Whatever it was, it caught us. It caught us in a dark, sticky web. And no matter how hard we fought to get free, no matter hard we tried to be strong, to trust and have faith, the web wouldn’t let us go.
We’re told that God never gives us more than we are strong enough to handle. But what happens when that strength runs out?
It took the famous author and theologian C.S. Lewis 58 years to discover and marry the love of his life. She died four years later of cancer. After she died, he noted how difficult it was to muster energy for even the smallest things. Lewis writes,
“No one ever told me about the laziness of grief… I loathe the slightest effort. Not only writing but even reading a letter is too much. Even shaving. What does it matter now whether my cheek is rough or smooth?”
I remember this feeling, when my sons, Ezra and Leo, died.
All my strength—all the power of my words and training—seeped out of me. It was hard enough just to get out of bed, take a shower, eat, let alone look for God.
I always read those three famous lines from Isaiah—about mounting up on eagle’s wings, running and not growing weary, walking without fainting—as simply three ways of saying the same thing: God gives us strength.
And so, when I didn’t seem to have any strength left, these words felt like a lie.
At least they did until I opened the mailbox one day and found a little book that changed how I read this passage. It was a collection of sermons preached by John Claypool, an Episcopal priest whose eight-year-old daughter, Laura Lue, died of acute leukemia. John’s second sermon reflects on Isaiah’s words. He wrote it following a particularly painful relapse of the cancer.
For John, each of these images—the flying, the running, the walking—describes a different way of experiencing God’s strength.

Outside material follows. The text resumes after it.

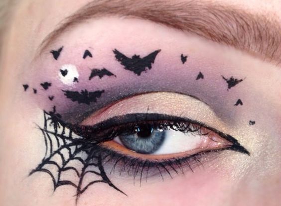 Тот, кто умеет неплохо рисовать, может сотворить настоящую картину, используя тени и подводку для глаз. Это может быть паутина, паучки, летучие мыши, луна – главное не переборщить с персонажами.

The problem, he says, isn’t God’s absence; it’s that our expectations of God are too narrow. So, when God does show up, we fail to notice, because we weren’t looking in the right places.
Generally, we expect God’s strength to come in the form of the first image: soaring on eagle’s wings. John calls this kind of strength ecstasy. It’s that pure confidence that God is with us, and we are with God. It’s Mozart at the piano. Mary singing her Magnificat. Rev. Dr. King on the mountaintop. It’s love, and it’s joy, and it’s faith at its purest.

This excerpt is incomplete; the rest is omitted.